The military is the only U.S. institution with the organization, discipline, public respect, and political clout to pull this off. We still possess, in Richard Kohn and Peter Feaver's words, a "profound moral presence," and, as Sara Lister has noted, we "enjoy the highest respect of any professional group in our society." Most important, the military serves no single constituency—as an institution we answer to every citizen. Jim Fallows elaborates on this key point: "The military ... is the one government institution that has been assigned legitimacy to act on its notion of the collective good. 'National defense' can make us do things—train engineers, build highways—that long-term good of the nation or common sense cannot."
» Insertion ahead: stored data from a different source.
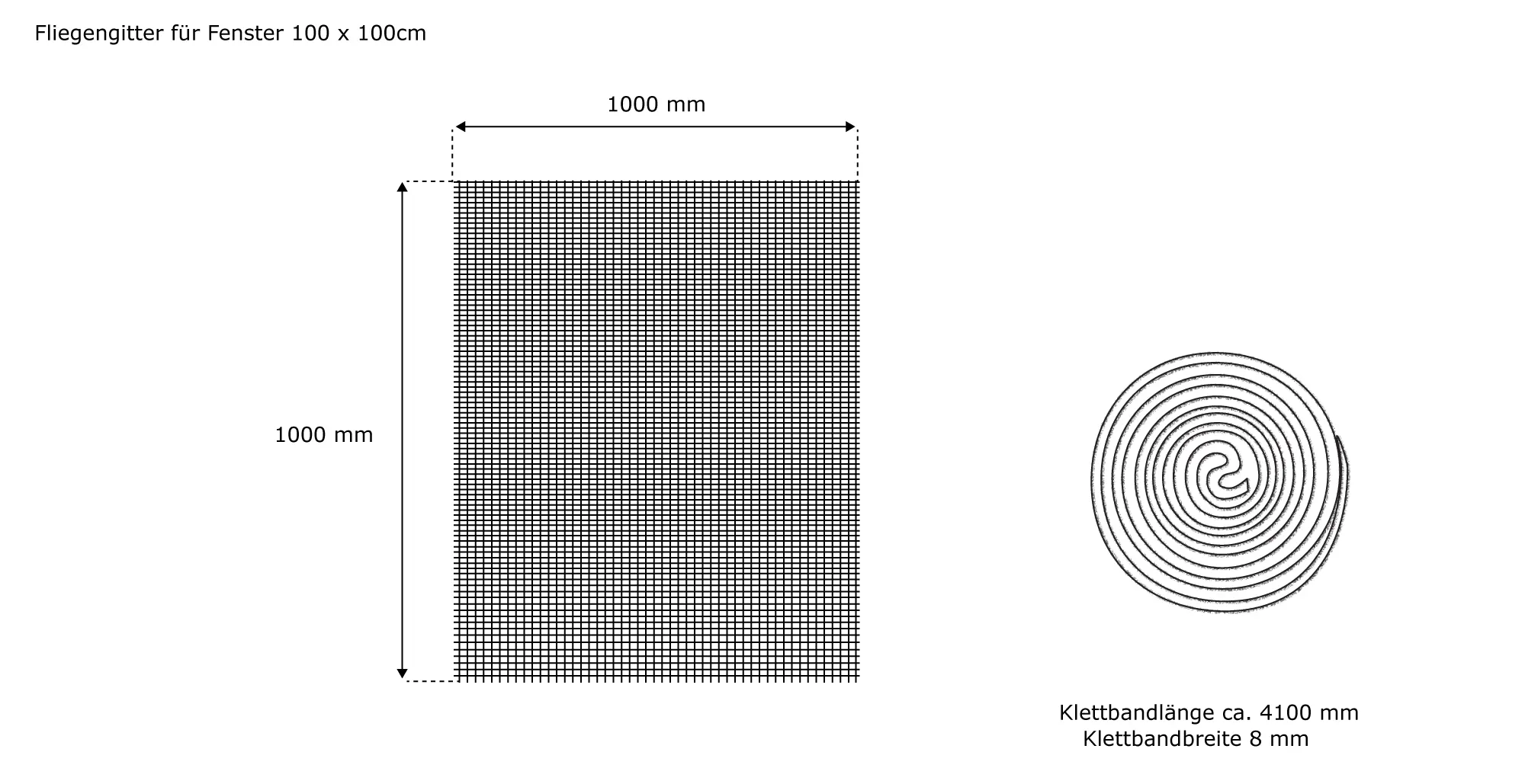 | Produktbezeichnung: | Fliegengitter für Fenster | 100 x 100 cm, weiß |
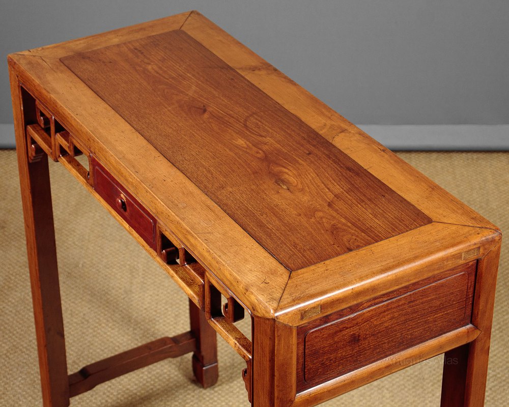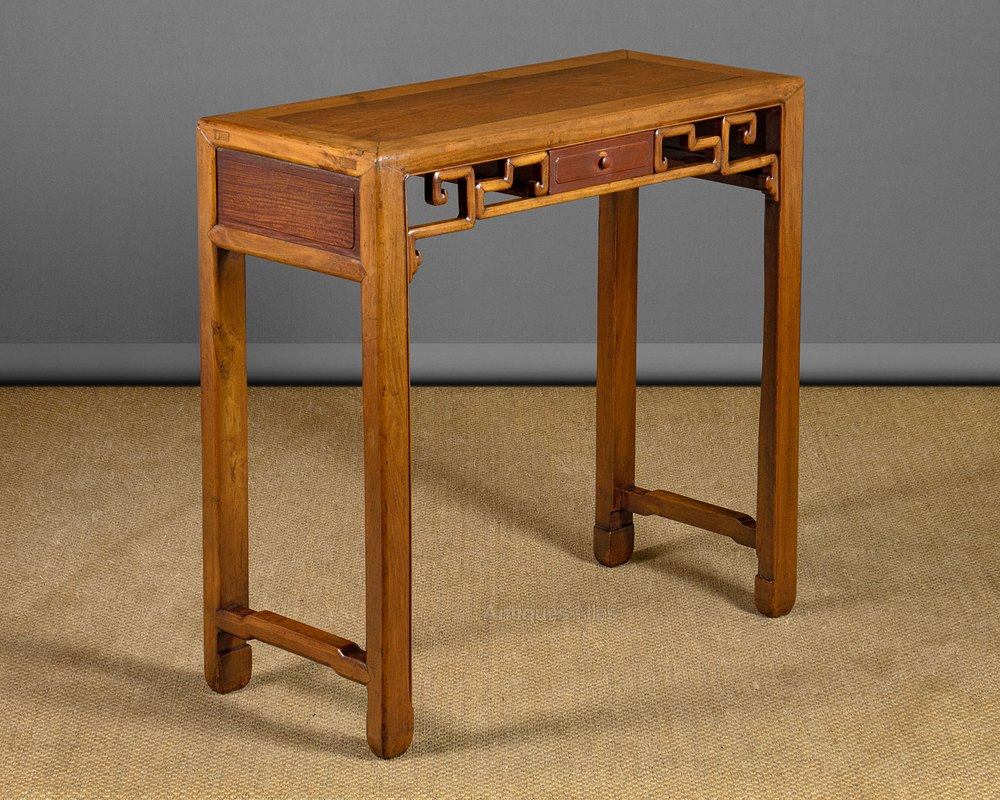 Elegant little early 20th.c. Chinese side table c.1920. Just 36" wide. Traditional construction in a fine grained hardwood. Flat panel top with cleated sides over a single small drawer flanked with a pierced apron. Straight legs with a simple shaped foot and joined with shaped side stretchers. Moulded panels at the sides. Note the apron is repeated at the rear of the table with a small polished panel in place of the drawer front. Excellent colour and condition, cleaned and waxed in our workshops.
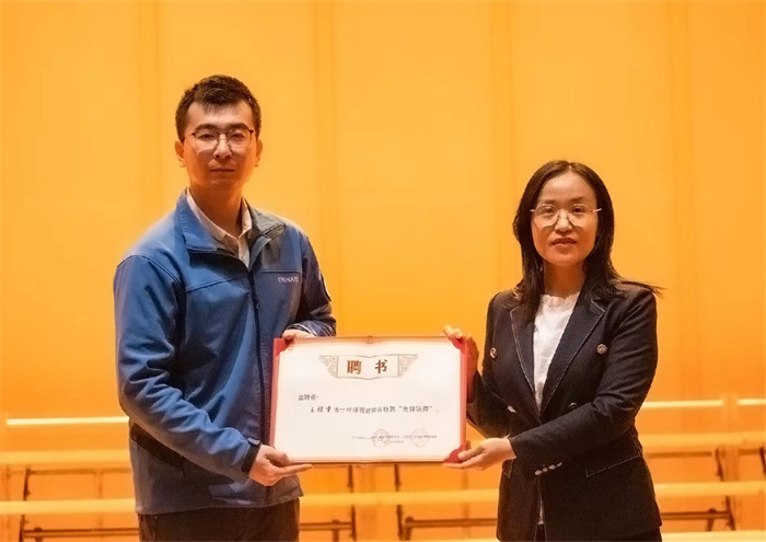 报告会最后,闫新作总结讲话,她鼓励全体学生向王煜尘学习,在追求梦想、科研报国的道路上踔厉奋发,做能吃苦、肯奋斗、跟党走的中国好青年,不负青春、不负韶华。她代表学院为王煜尘颁发了经济管理学院特聘“先锋讲师”聘书。
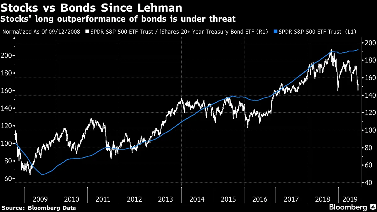 对于那些落后于进度或可能度假的人来说,最新的发展是德国和美国都在考虑在历史低收益率面前发行更多债务。作为回应,周一股价上涨,债券价格下跌。这表明市场状况比许多人想象的要微妙得多。这是自雷曼兄弟破产改变全球金融体系以来,股票与长期美国国债(由最受欢迎的交易所交易基金代表)表现的比较:
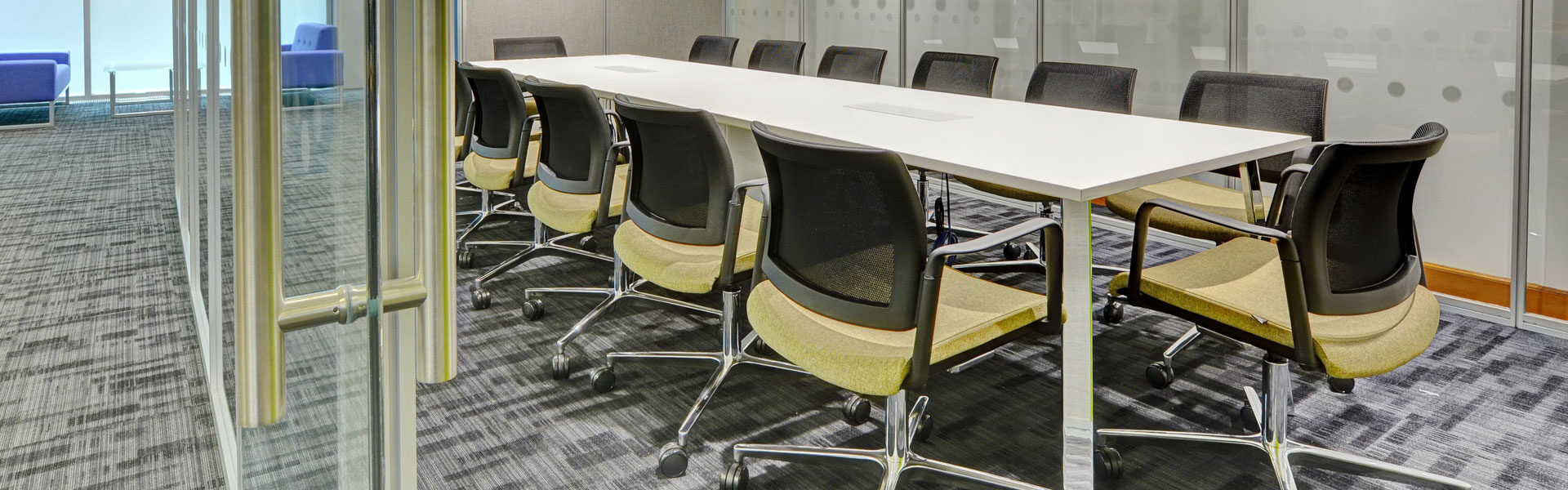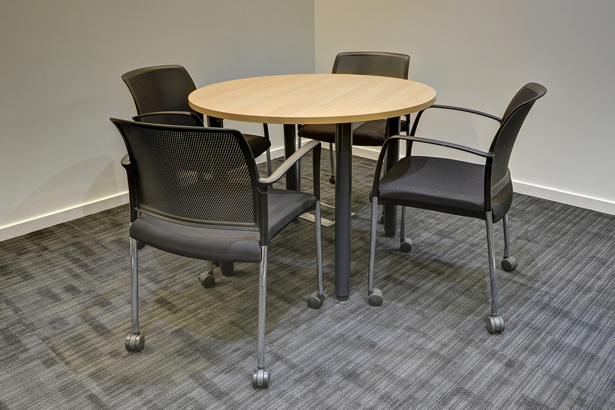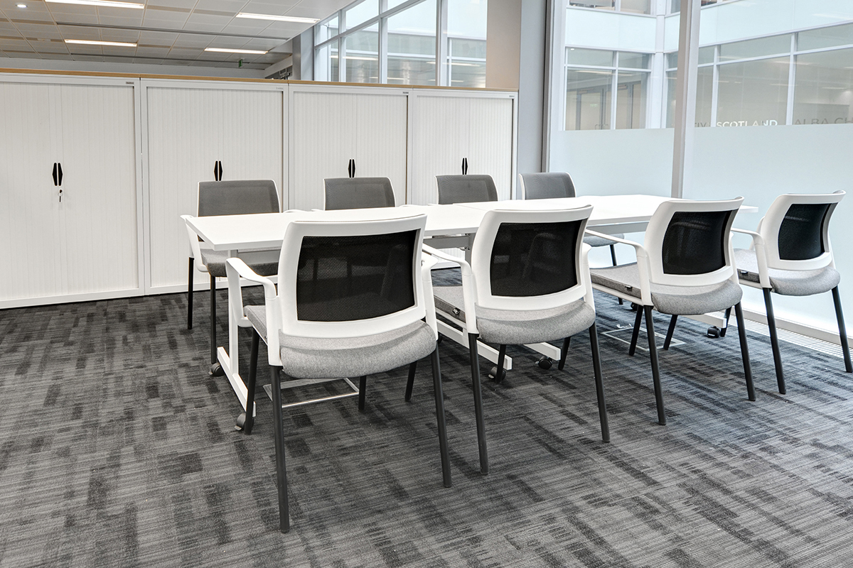 With no separate boardroom, we installed a Qube private meeting pod with a bespoke 14 person Additions 2 table with chrome legs and built-in power and data modules. Surrounding the table are swivel meeting chairs with a 5-star base and castors for easy movement. The office pod creates a room-within-a-room and can be relocated and adjusted as the needs of the organisation change.

Those still unconvinced should consider the Coast Guard. Here is a military organization deeply involved in domestic issues—counternarcotics, immigration, search and rescue—that still maintains its ability to fight and does not threaten civilian leadership. No one worries about this massive domestic operation, simply because we are used to it. If changing an attitude is all it takes, we have no excuse not to try.
Samuel Adams did not trust soldiers. The professional military men he encountered were a breed apart, who did not care to mingle with civilians. George Washington had a different vision for his country's military. "When we created the soldier," he said, "we did not lay aside the citizen." This should be our charge, to rediscover the citizen-soldier that Washington emulated so well. The civil-military divide is not new, but the chance to rebuild Washington's notion of citizenship may never come again. We must act bravely, and we must act soon. Doing so, we may finally lay to rest Adams's centuries-old mistrust of the U.S. soldier.
Lieutenant Harbaugh is assigned to Fleet Air Reconnaissance Squadron (VQ)-1 at NAS Whidbey Island, Washington. His essay, “Learning to Lead the DI Way,” won first honorable mention in the 2000 Vincent Astor Memorial Leadership Essay Contest.